• [RECORDS PROVIDED]
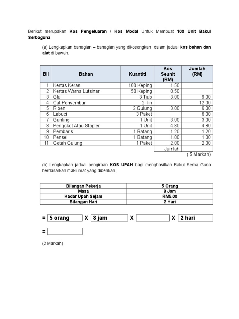 Pengiraan Kos Bahan Latihan Rbt Ting 1 Pdf
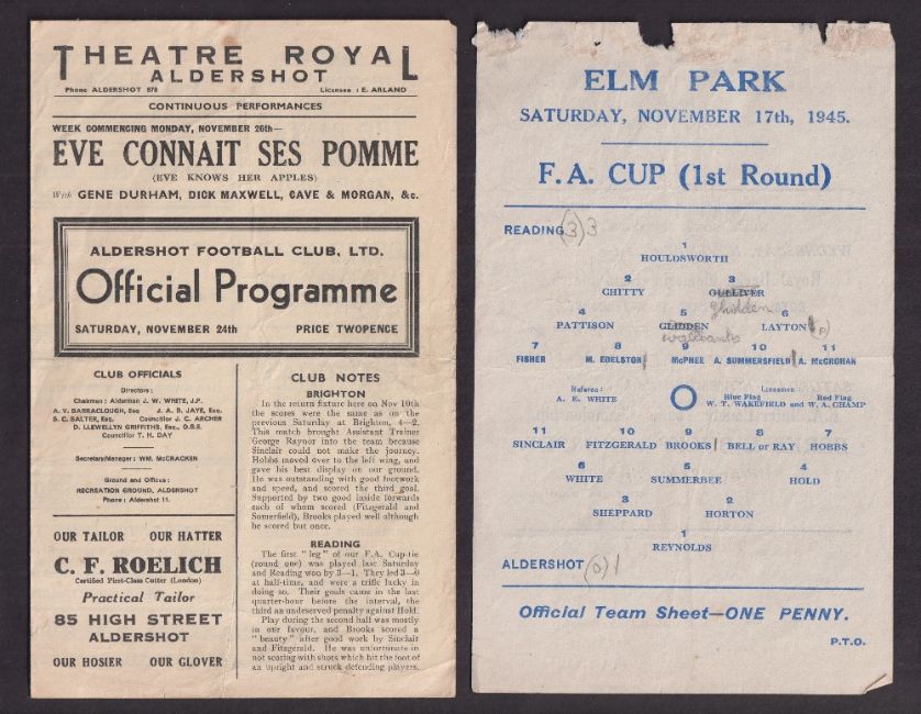 Football programmes, Aldershot v Reading, FA Cup 1945/46, home & away issues, 1st Leg played at Reading 17 Nov 1945, single sheet (some paper loss to top edge, pencil score & tc noted) & 2nd Leg at Aldershot on 24 November (4 page issue, gd) (2)
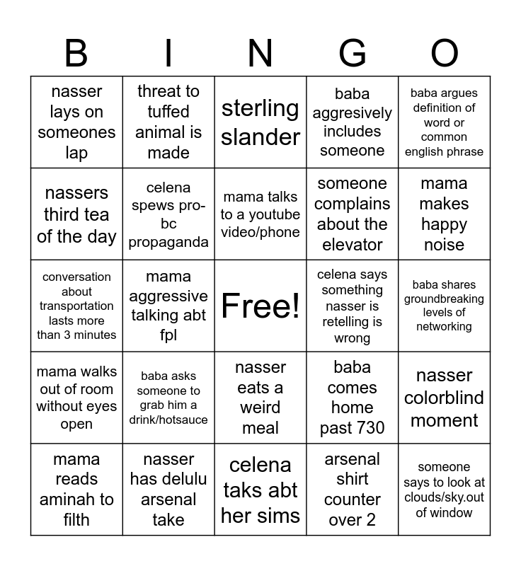 This bingo card has a free space and 29 words: mama reads aminah to filth, baba offers someone his tea, mama aggressive talking abt fpl, nasser shows new tech tip, nasser lays on someones lap, sterling slander, celena spews pro-bc propaganda, baba asks someone to grab him a drink/hotsauce, celena says something nasser is retelling is wrong, nasser has delulu arsenal take, baba shares groundbreaking levels of networking, someone says to look at clouds/sky.out of window, celena taks abt her sims, arsenal shirt counter over 2, mama makes happy noise, baba nasser debate longer than 3 minutes, nasser eats a weird meal, mama walks out of room without eyes open, baba argues definition of word or common english phrase, conversation about transportation lasts more than 3 minutes, baba comes home past 730, mama is late for something, someone complains about the elevator, nassers third tea of the day, baba aggresively includes someone, threat to tuffed animal is made, nasser colorblind moment, mama talks to a youtube video/phone and someone tries to quiz me on cue cards.
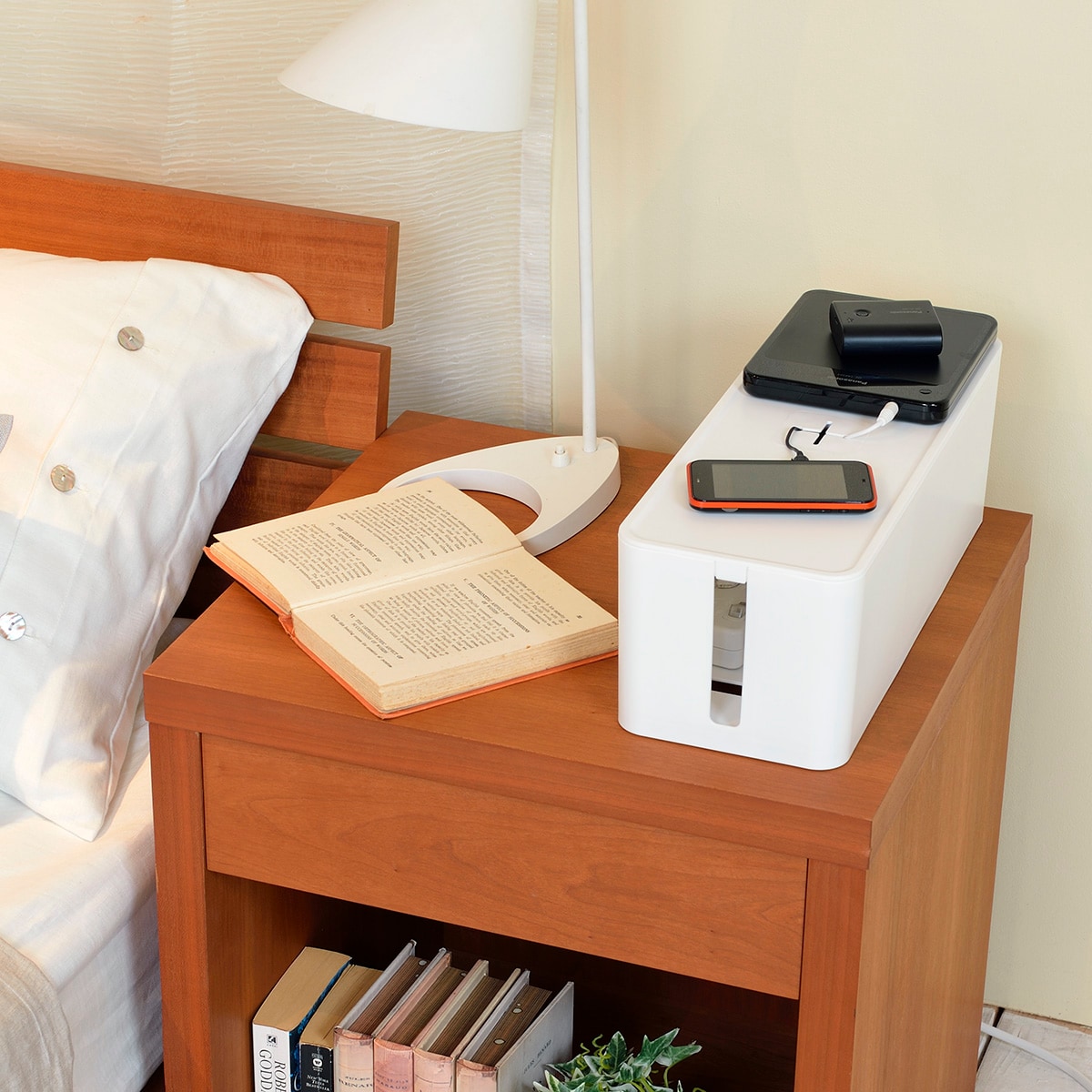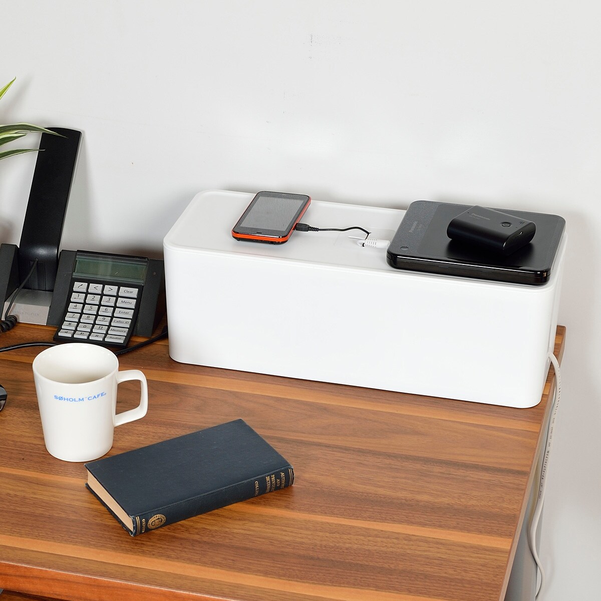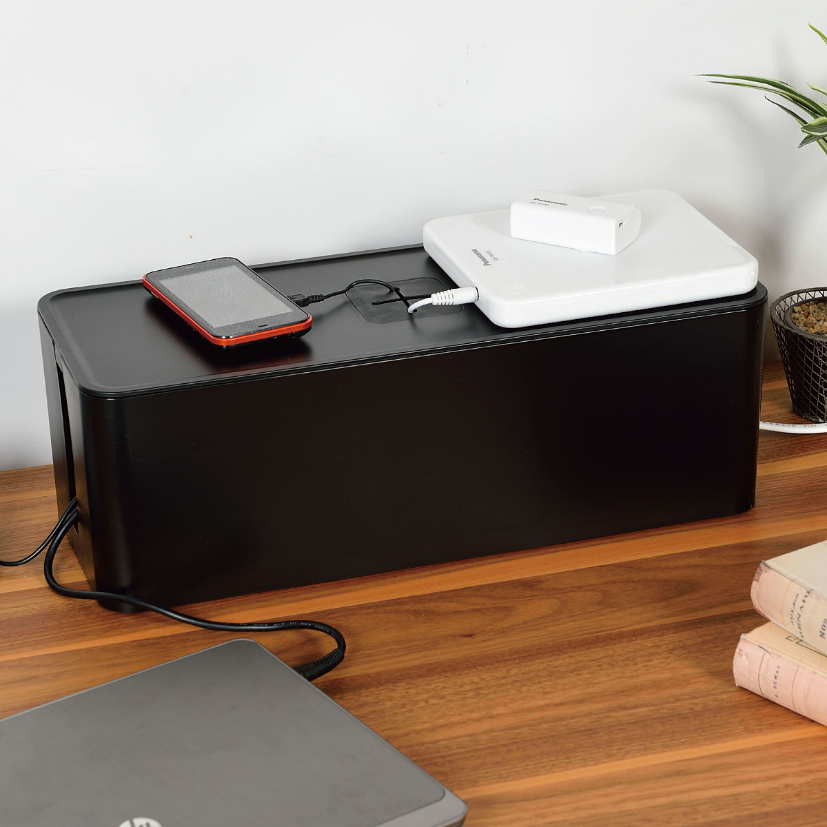 充電混雑をすっきり解消! テレビ横やデスク周りなどゴチャつくコンセントを収納できるケーブルボックスです。長さ32cm以内(6口)のケーブルタップが収納できます。
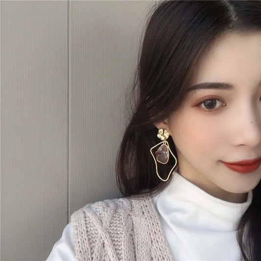 Korean Style Resin Earrings Women Imitation Stone Contrast Jewelry

• [PROBLEM STATEMENT]
Return the listing exactly as it appears, excluding any image.

• [FINAL ANSWER]
 Pengiraan Kos Bahan Latihan Rbt Ting 1 Pdf
 Football programmes, Aldershot v Reading, FA Cup 1945/46, home & away issues, 1st Leg played at Reading 17 Nov 1945, single sheet (some paper loss to top edge, pencil score & tc noted) & 2nd Leg at Aldershot on 24 November (4 page issue, gd) (2)
 This bingo card has a free space and 29 words: mama reads aminah to filth, baba offers someone his tea, mama aggressive talking abt fpl, nasser shows new tech tip, nasser lays on someones lap, sterling slander, celena spews pro-bc propaganda, baba asks someone to grab him a drink/hotsauce, celena says something nasser is retelling is wrong, nasser has delulu arsenal take, baba shares groundbreaking levels of networking, someone says to look at clouds/sky.out of window, celena taks abt her sims, arsenal shirt counter over 2, mama makes happy noise, baba nasser debate longer than 3 minutes, nasser eats a weird meal, mama walks out of room without eyes open, baba argues definition of word or common english phrase, conversation about transportation lasts more than 3 minutes, baba comes home past 730, mama is late for something, someone complains about the elevator, nassers third tea of the day, baba aggresively includes someone, threat to tuffed animal is made, nasser colorblind moment, mama talks to a youtube video/phone and someone tries to quiz me on cue cards.
 充電混雑をすっきり解消! テレビ横やデスク周りなどゴチャつくコンセントを収納できるケーブルボックスです。長さ32cm以内(6口)のケーブルタップが収納できます。
 Korean Style Resin Earrings Women Imitation Stone Contrast Jewelry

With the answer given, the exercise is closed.